Now that they are $25 on the high end and sometimes as low as $13 on Amazon shipped next day, they are great.


----------



## HackWork (Oct 2, 2009)

macmikeman said:


> So far, the one GC guy who wants pretty much all the inside lighting to be wafer lights cuts all the ceiling holes before I return to the job after rough in. That color's my opinion of them. Right now I love the crap out of them. When I have to cut all the holes, I'm gonna change my opinion.


On new work I agree that using conventional cans makes it easier because they cut the holes.

But for what it's worth, a grit holesaw, a dust bowl, and a 5 gallon bucket let you make the holes super quick and easy without much dust at all. If you are a man's height you don't even need a ladder for 8' ceilings.


----------



## macmikeman (Jan 23, 2007)

HackWork said:


> On new work I agree that using conventional cans makes it easier because they cut the holes.
> 
> But for what it's worth, a grit holesaw, a dust bowl, and a 5 gallon bucket let you make the holes super quick and easy without much dust at all. If you are a man's height you don't even need a ladder for 8' ceilings.


:vs_mad:


----------



## Wiredindallas (Aug 9, 2018)

I only like cans because the light source (bulb) is a couple inches above the ceiling and out of your eyesight. Also, you can select and change the light color and beam angle as desired.


----------



## joebeadg (Oct 7, 2008)

OMG! is the name really bendover electric supply???? LOL Yea, I'm wondering the same thing about recessed fixtures.

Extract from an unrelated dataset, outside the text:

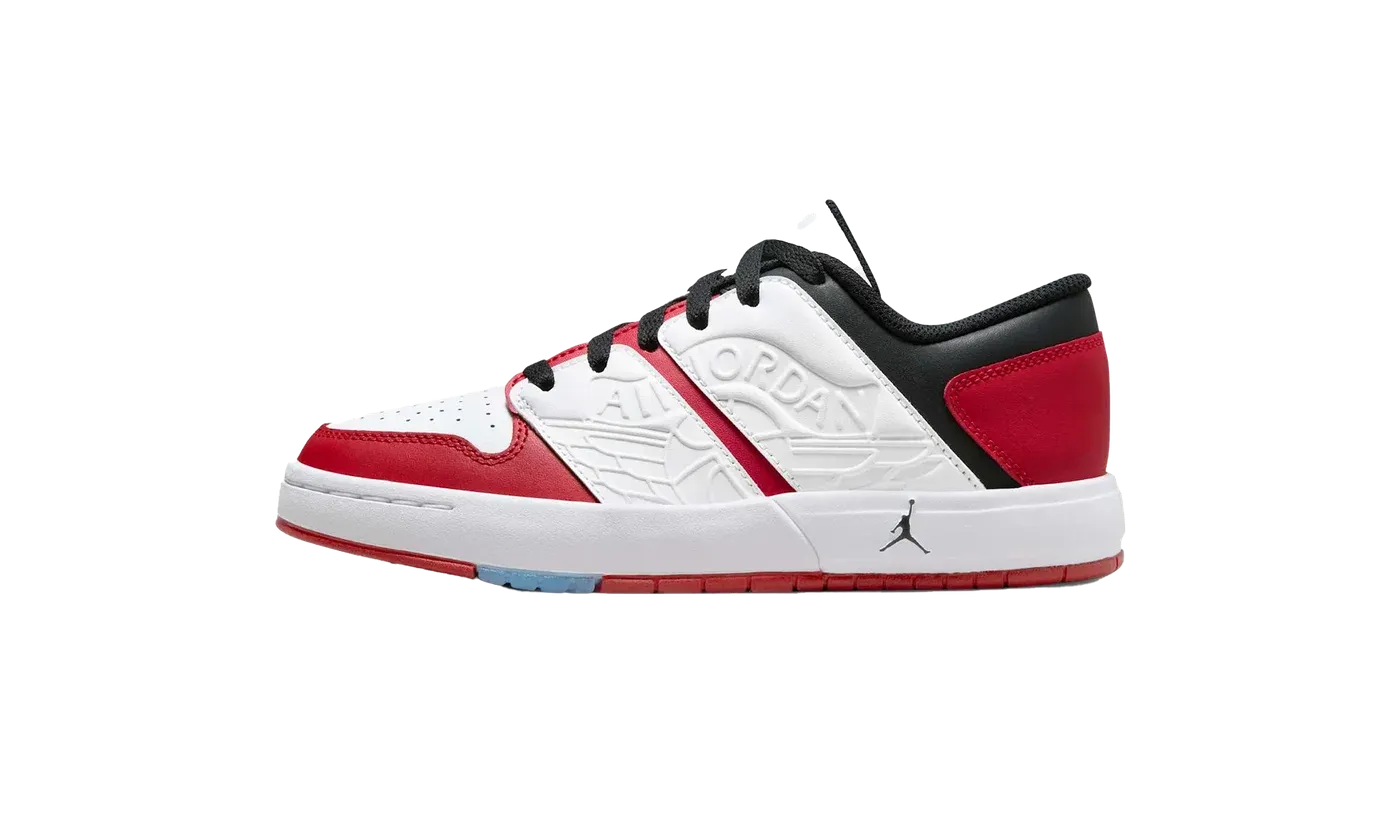 Get ready to turn heads with the AIR JORDAN RETRO 1 LOW NU GS "Varsity Red White Black", the perfect way for your grade-schooler to rock a piece of hoops history. This low-top sneaker offers a premium feel with its classic color-blocked design in bold red, crisp white, and deep black. It retains the legendary silhouette and comfortable fit of the original AJ1. The durable construction and encapsulated Air unit provide all-day comfort and undeniable street style, making it a must-have for the next generation of sneakerheads.

I'm a one man operation and I'm freakin old too, so I don't really know about new stuff and whats good and whats crap. Would actually like to put a cple dozen fixtures in my own house soon, but procrastinate because I don't know whats good anymore


----------



## 3DDesign (Oct 25, 2014)

I do a lot of new homes, I use cans. Every house I do is hard coat plaster. Cutting all those holes in hard coat would take forever and wear out a lot of blades/hole saws.


----------



## sparkiez (Aug 1, 2015)

We use lots and lots and lots of lights similar to these:

https://www.amazon.com/Dimmable-Equ...+disc+lights&qid=1564143979&s=gateway&sr=8-18

We just set nail-on or bracket boxes. Don't take much time at all to install them, and you don't have to walk around with a box of can trims and lamps. I think I've only had one or two go bad out of close to 1000 last year.


There are other styles, but these go up the quickest and hold well.


----------



## telsa (May 22, 2015)

3DDesign said:


> I do a lot of new homes, I use cans. Every house I do is hard coat plaster. Cutting all those holes in hard coat would take forever and wear out a lot of blades/hole saws.


Go with tungsten carbide grit holesaws. You'll be amazed. Just capture the dust.

Think "Dust Bowl."










https://www.licensedelectrician.com/Store/RT/Drillers_DustBowl.htm


----------



## 99cents (Aug 20, 2012)

For new construction in insulated ceilings, I put in the Eaton CLD’s now. They look fine, no customer complaints, and very little screwing around with the vapour barrier with an octagon box. If it’s an uninsulated ceiling, I lean toward cans.

GC’s love it when I throw in temporary lighting (some even demand it) and that’s tough with Lotus Lights.

Come finishing time, I want it done fast and clean. I already have 80% of my money. Hole saws and dust bowls don’t fit into the equation.


----------



## sparkiez (Aug 1, 2015)

99cents said:


> For new construction in insulated ceilings, I put in the Eaton CLD’s now. They look fine, no customer complaints, and very little screwing around with the vapour barrier with an octagon box. If it’s an uninsulated ceiling, I lean toward cans.
> 
> GC’s love it when I throw in temporary lighting (some even demand it) and that’s tough with Lotus Lights.
> 
> Come finishing time, I want it done fast and clean. I already have 80% of my money. Hole saws and dust bowls don’t fit into the equation.



There are a ton of different form factors for that type of luminary (we just call them "disc lights"). Does this one have a bracket-and-spring mounting system or do they go right into the screws on a 4" box?


----------